>>>
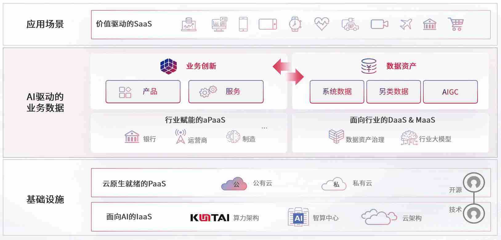 数字时代,,围绕企业数字化转型的关键要素,,,,z6com尊龙凯时数码开创性的提出数云融合战略和技术体系框架,,,,着力在云原生、、数字原生、、AI原生和信创产业上架构产品和服务能力,,为处在不同数字化转型阶段的快消零售、、汽车、、、金融、、医疗、、政企、、、、教育、、运营商等行业客户提供泛在的敏捷IT能力和融合的数据驱动能力,,,,构建跨界融合创新的数字业务场景和新业务模式,,助力企业级客户建立面向未来的核心能力和竞争优势,,,全面推动社会的数字化、、、、智能化转型升级。。。。
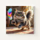 Adorable notebook featuring a sweet fluffy kitty cat having fun chasing a feather. Total cuteness.
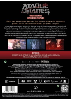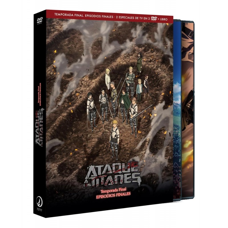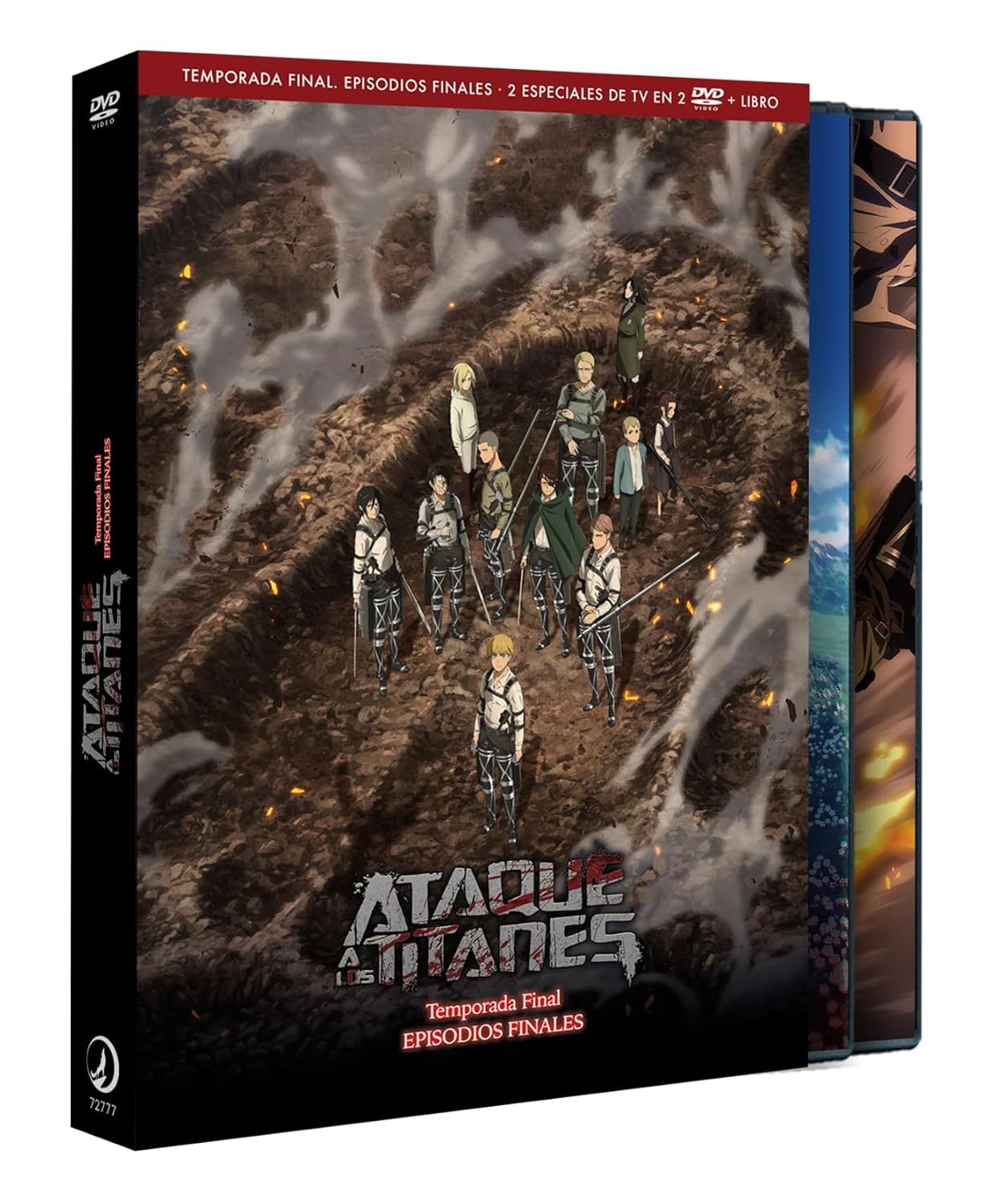 https://dvdstorespain.es/en/films/120005-ataque-a-los-titanes-capitulos-finales-dvd--8424365727778.html120005Ataque A Los Titanes (Los capítulos finales) [DVD] (2023) Shingeki no KyojinDespués de mucho sufrimiento y conflicto, Eren elige poner en marcha el retumbar que destruirá el mundo fuera de Isla Paradis. Tras despertar el poder del Titán Fundador, Eren encabeza la marcha de los Titanes del Muro hacia Fuerte Salta pisoteándolo todo a su paso y cobrándose innumerables vidas. Mientras tanto, Hange y su grupo superan el bloqueo de la facción Jaeger y avanzan por la ruta marítima, adelantándose al retumbar. Ahora lo único que se interpone entre el retumbar y los refugiados, al borde de la desesperación, son Mikasa, Armin, Jean, Conny, Reiner, Pieck, Levi y el resto de supervivientes del Cuerpo de Exploradores. Aquí es donde la batalla entre Eren y sus antiguos camaradas de armas y amigos de la infancia llega a su trágica conclusión.https://dvdstorespain.es/673796-home_default/ataque-a-los-titanes-capitulos-finales-dvd-.jpg15.7025instockSELECTA VISION15.702515.7025002024-12-26T22:32:19+0100/Start/Start/DVD/Start/Films/Start/New
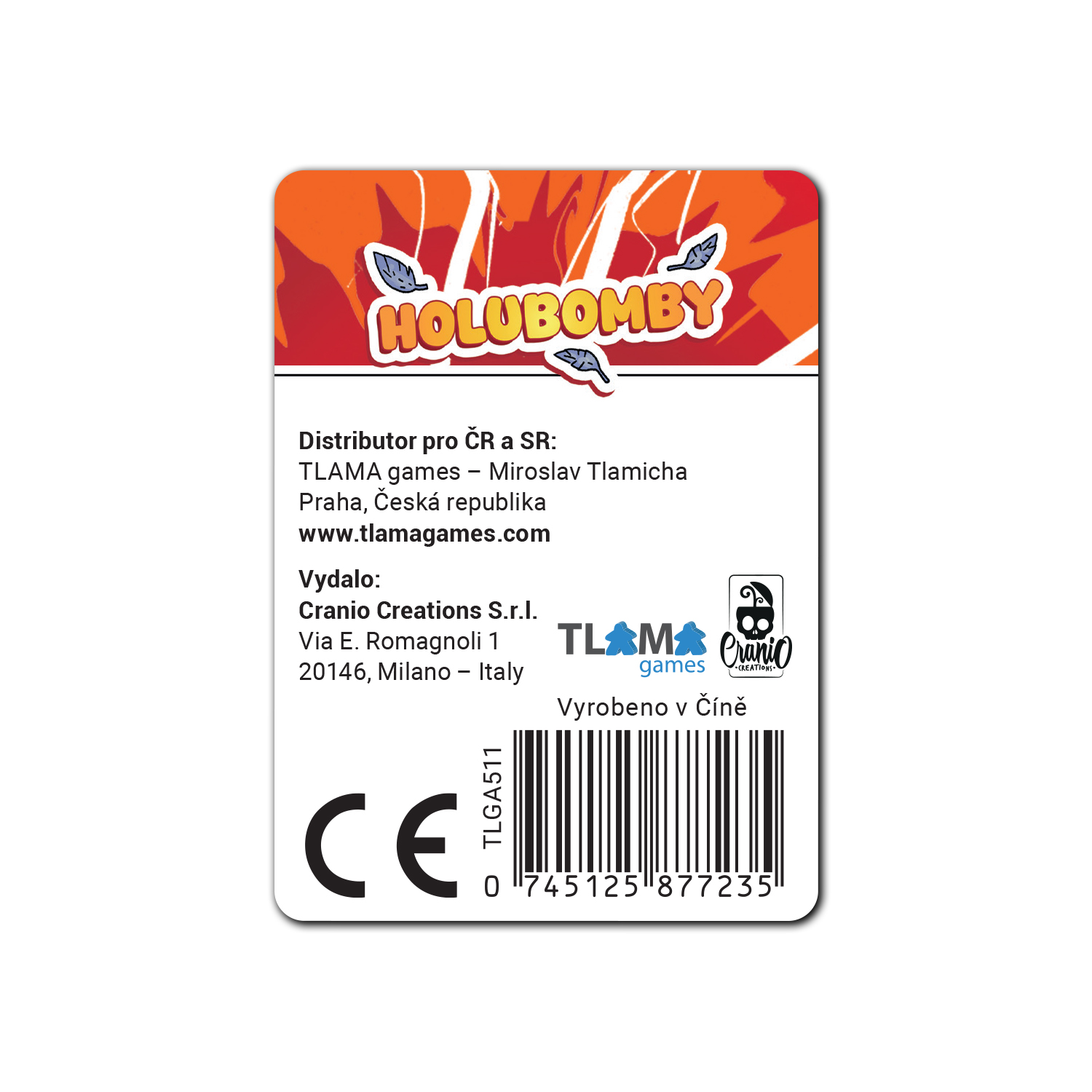 Šílená karetní hra s vybuchujícími holuby může být ještě šílenější s těmito promo kartami, které můžete přidat do základní hry. Karta Bitka donutí všechny hráče poslat své karty sousedovi. Chilli odpraví holuba, pokud je na něj zahrána další modrá karta krmení, a Limča má sice hodnotu -2, ale váš holub vybouchne až při 5 různých barvách krmení. Rozšíření je určeno pro 2-5 hráčů od 8 let. Herní materiál a pravidla jsou v češtině. Počty a velikosti karet:4 ks 63x89 mm Nabídka obalů na karty je zde. Hra obsahuje: 2 karty hledání2 karty výbuchu1 karta pravidel
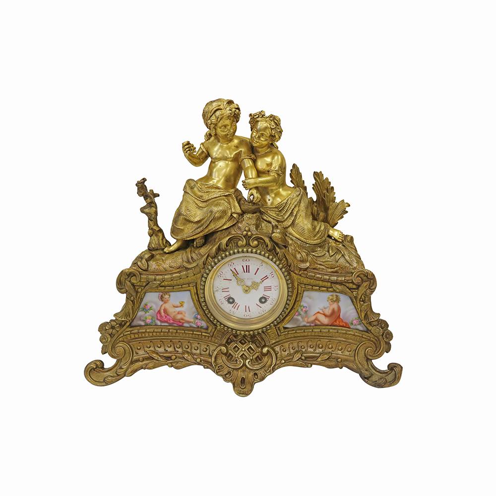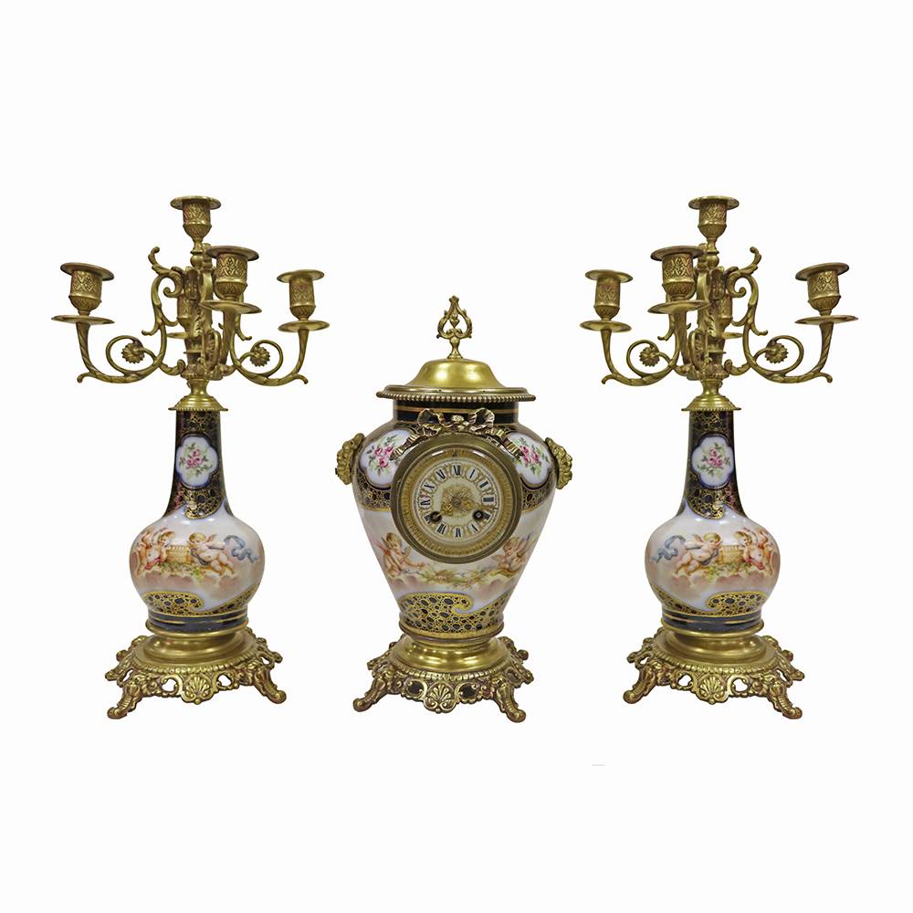 PORSELEN, BRONZ DETAYLI SAAT VE ŞAMDAN TAKIMI
<<<
Task objective: Transcribe all records verbatim and omit each image.

Finished exercise:
 数字时代,,围绕企业数字化转型的关键要素,,,,z6com尊龙凯时数码开创性的提出数云融合战略和技术体系框架,,,,着力在云原生、、数字原生、、AI原生和信创产业上架构产品和服务能力,,为处在不同数字化转型阶段的快消零售、、汽车、、、金融、、医疗、、政企、、、、教育、、运营商等行业客户提供泛在的敏捷IT能力和融合的数据驱动能力,,,,构建跨界融合创新的数字业务场景和新业务模式,,助力企业级客户建立面向未来的核心能力和竞争优势,,,全面推动社会的数字化、、、、智能化转型升级。。。。
 Adorable notebook featuring a sweet fluffy kitty cat having fun chasing a feather. Total cuteness.
 https://dvdstorespain.es/en/films/120005-ataque-a-los-titanes-capitulos-finales-dvd--8424365727778.html120005Ataque A Los Titanes (Los capítulos finales) [DVD] (2023) Shingeki no KyojinDespués de mucho sufrimiento y conflicto, Eren elige poner en marcha el retumbar que destruirá el mundo fuera de Isla Paradis. Tras despertar el poder del Titán Fundador, Eren encabeza la marcha de los Titanes del Muro hacia Fuerte Salta pisoteándolo todo a su paso y cobrándose innumerables vidas. Mientras tanto, Hange y su grupo superan el bloqueo de la facción Jaeger y avanzan por la ruta marítima, adelantándose al retumbar. Ahora lo único que se interpone entre el retumbar y los refugiados, al borde de la desesperación, son Mikasa, Armin, Jean, Conny, Reiner, Pieck, Levi y el resto de supervivientes del Cuerpo de Exploradores. Aquí es donde la batalla entre Eren y sus antiguos camaradas de armas y amigos de la infancia llega a su trágica conclusión.https://dvdstorespain.es/673796-home_default/ataque-a-los-titanes-capitulos-finales-dvd-.jpg15.7025instockSELECTA VISION15.702515.7025002024-12-26T22:32:19+0100/Start/Start/DVD/Start/Films/Start/New
 Šílená karetní hra s vybuchujícími holuby může být ještě šílenější s těmito promo kartami, které můžete přidat do základní hry. Karta Bitka donutí všechny hráče poslat své karty sousedovi. Chilli odpraví holuba, pokud je na něj zahrána další modrá karta krmení, a Limča má sice hodnotu -2, ale váš holub vybouchne až při 5 různých barvách krmení. Rozšíření je určeno pro 2-5 hráčů od 8 let. Herní materiál a pravidla jsou v češtině. Počty a velikosti karet:4 ks 63x89 mm Nabídka obalů na karty je zde. Hra obsahuje: 2 karty hledání2 karty výbuchu1 karta pravidel
 PORSELEN, BRONZ DETAYLI SAAT VE ŞAMDAN TAKIMI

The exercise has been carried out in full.